Furthermore, we present a weakest precondition calculus for quantitative reasoning about probabilistic pointer programs in QSL. This calculus is a conservative extension of both Ishtiaq's, O'Hearn's and Reynolds' separation logic for heap-manipulating programs and Kozen's / McIver and Morgan's weakest preexpectations for probabilistic programs. Our calculus preserves O'Hearn's frame rule, which enables local reasoning - a key principle of separation logic.

Finally, we briefly touch upon open questions regarding lower bounds on weakest preexpectations and intensional completeness of our calculus.

**Thom Badings** (Radboud University, NL)**Time:** 10:30**Date:** 02.12.2020**Room:** online**Title**: TBA

**Abstract**: TBA

**Prof. David Parker** (University of Birmingham, UK)**Time:** 10:30**Date:** 11.03.2020**Room:** HG00.023**Title**: Verification and Strategy Synthesis for Stochastic Games

**Abstract**: Stochastic multi-player games are a versatile modelling framework for systems that exhibit cooperative and competitive behaviour in the presence of adversarial or uncertain environments. Probabilistic model checking provides a powerful set of techniques to either verify the correct behaviour of such systems or to synthesise controllers that offer guarantees on safe, reliable or timely operation. This talk will provide an overview of work in this direction, implemented within the PRISM-games model checker. This includes recent extensions to concurrent stochastic games and equilibria-based properties, and an applications to a variety of domains, from energy management to communication protocols to robot navigation.

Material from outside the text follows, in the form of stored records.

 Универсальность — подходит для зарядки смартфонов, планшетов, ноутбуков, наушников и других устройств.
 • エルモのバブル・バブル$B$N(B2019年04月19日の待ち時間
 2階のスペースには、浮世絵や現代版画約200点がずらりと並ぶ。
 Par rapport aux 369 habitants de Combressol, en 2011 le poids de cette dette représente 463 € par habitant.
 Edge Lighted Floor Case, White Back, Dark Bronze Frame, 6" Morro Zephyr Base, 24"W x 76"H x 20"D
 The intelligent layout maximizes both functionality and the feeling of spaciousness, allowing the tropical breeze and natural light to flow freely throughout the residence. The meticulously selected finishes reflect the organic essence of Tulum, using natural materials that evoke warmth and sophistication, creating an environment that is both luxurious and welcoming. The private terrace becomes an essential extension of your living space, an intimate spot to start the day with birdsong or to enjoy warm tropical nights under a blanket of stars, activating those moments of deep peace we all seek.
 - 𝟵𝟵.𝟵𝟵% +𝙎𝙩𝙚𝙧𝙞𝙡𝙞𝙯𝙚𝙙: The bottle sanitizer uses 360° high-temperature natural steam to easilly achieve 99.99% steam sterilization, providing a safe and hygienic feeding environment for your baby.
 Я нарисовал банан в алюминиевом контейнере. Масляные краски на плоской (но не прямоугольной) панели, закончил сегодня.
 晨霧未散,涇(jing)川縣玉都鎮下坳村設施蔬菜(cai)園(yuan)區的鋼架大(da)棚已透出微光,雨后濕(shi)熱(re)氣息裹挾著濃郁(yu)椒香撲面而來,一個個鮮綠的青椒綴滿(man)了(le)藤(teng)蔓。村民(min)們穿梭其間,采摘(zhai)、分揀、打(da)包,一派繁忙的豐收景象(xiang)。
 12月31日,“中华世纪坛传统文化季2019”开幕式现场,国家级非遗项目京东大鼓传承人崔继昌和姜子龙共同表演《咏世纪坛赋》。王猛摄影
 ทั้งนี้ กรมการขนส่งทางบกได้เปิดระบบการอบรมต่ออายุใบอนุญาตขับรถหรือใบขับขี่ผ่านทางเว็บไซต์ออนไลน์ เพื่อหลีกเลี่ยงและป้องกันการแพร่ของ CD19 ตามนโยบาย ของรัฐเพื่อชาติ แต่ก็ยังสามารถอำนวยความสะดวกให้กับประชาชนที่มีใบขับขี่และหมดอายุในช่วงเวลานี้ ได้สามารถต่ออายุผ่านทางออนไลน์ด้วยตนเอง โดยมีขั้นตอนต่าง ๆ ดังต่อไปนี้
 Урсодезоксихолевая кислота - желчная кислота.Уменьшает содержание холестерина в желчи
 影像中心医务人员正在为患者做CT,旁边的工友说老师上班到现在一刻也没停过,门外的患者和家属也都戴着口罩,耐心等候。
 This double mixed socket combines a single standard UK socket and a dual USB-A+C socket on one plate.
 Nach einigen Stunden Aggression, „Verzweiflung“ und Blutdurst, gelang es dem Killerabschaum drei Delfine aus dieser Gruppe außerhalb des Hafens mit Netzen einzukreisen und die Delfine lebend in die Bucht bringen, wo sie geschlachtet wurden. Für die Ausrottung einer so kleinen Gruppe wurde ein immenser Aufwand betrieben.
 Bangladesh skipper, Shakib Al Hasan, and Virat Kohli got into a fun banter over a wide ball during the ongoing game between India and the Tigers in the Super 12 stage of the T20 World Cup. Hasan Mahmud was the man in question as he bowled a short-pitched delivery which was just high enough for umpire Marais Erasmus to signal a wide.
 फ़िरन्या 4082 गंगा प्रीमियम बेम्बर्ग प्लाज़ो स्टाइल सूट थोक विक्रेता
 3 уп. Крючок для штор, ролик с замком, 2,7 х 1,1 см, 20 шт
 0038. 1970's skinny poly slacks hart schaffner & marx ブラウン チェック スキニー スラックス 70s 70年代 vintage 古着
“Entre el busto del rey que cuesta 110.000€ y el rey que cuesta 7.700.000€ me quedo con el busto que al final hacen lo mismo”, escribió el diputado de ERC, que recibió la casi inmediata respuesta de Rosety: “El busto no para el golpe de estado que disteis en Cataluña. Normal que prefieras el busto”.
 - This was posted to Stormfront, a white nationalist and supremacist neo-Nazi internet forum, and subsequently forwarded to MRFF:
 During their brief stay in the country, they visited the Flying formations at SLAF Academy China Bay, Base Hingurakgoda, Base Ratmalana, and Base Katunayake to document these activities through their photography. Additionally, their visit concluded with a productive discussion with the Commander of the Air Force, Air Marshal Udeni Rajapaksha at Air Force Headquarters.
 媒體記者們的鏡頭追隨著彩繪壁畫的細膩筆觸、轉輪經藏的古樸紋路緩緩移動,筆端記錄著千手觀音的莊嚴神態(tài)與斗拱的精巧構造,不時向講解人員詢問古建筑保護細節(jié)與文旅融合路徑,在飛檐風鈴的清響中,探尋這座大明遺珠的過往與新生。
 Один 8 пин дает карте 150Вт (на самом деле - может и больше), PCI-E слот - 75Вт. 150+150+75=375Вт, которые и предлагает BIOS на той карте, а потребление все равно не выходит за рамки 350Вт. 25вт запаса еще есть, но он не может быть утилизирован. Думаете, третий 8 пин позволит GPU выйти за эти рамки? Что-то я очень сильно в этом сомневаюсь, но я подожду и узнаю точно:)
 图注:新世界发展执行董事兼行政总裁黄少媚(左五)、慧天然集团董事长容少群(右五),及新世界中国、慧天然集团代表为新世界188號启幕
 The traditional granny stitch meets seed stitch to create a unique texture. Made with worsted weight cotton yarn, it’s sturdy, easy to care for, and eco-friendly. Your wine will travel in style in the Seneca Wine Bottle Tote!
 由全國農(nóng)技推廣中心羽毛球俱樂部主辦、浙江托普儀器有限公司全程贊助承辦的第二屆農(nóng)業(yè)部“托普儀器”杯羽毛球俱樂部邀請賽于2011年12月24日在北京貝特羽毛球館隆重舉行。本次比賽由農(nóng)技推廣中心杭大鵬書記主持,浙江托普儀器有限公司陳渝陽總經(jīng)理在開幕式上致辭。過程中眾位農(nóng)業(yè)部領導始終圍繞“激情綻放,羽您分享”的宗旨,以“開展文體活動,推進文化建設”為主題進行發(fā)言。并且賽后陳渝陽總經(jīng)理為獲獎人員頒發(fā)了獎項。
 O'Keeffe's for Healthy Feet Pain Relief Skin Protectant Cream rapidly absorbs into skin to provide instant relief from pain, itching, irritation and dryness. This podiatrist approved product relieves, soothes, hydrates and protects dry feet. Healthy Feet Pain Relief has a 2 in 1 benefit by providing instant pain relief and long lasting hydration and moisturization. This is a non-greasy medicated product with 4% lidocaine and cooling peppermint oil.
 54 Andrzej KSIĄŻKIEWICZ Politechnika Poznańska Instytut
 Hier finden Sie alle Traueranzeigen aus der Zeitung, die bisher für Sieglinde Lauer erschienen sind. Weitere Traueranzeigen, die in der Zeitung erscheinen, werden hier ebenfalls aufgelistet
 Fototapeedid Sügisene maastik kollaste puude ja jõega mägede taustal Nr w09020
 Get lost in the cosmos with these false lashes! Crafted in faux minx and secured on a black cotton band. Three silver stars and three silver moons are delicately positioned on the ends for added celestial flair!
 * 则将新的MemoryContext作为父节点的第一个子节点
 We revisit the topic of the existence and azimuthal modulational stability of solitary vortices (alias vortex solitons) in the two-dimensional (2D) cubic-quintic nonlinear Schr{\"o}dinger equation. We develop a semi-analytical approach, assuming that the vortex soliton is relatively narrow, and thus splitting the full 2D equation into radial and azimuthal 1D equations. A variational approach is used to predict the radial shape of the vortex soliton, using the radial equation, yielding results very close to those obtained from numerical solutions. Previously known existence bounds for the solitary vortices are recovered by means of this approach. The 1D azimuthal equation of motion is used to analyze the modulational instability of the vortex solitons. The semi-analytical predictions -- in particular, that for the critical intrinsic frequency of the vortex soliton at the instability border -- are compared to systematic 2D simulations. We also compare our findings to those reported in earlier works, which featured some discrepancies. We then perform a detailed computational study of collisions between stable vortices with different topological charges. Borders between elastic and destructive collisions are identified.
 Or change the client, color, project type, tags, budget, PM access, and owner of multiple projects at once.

**Dr. Peter Achten** (Radboud University)**Time:** 10:30**Date:** 01.04.2020**Room:** Virtual**Title**: Segments: a better Rainfall problem for Functional Programming

**Abstract**: Elliot Soloway's Rainfall problem (1986) is an extensively studied programming problem, intended to assess students' ability in constructing programs. Many of these studies have used imperative style programming languages. In 2014, Kathi Fisler investigated this problem for students in functional programming, and proposed an adapted, simplified, version of the Rainfall problem. In this talk I briefly recap Fisler's experiment and argue that it actually proves that this version of the Rainfall problem is too easy for students in functional programming and that it uncovers only a small variety of ways to construct a solution to the problem. Instead, I propose another problem, called Segments, that I have been using throughout my courses in Functional Programming (for AI) and I argue that this is a better suited problem for students in functional programming. These results are based on analyzing student assignment results of the past four iterations of the course.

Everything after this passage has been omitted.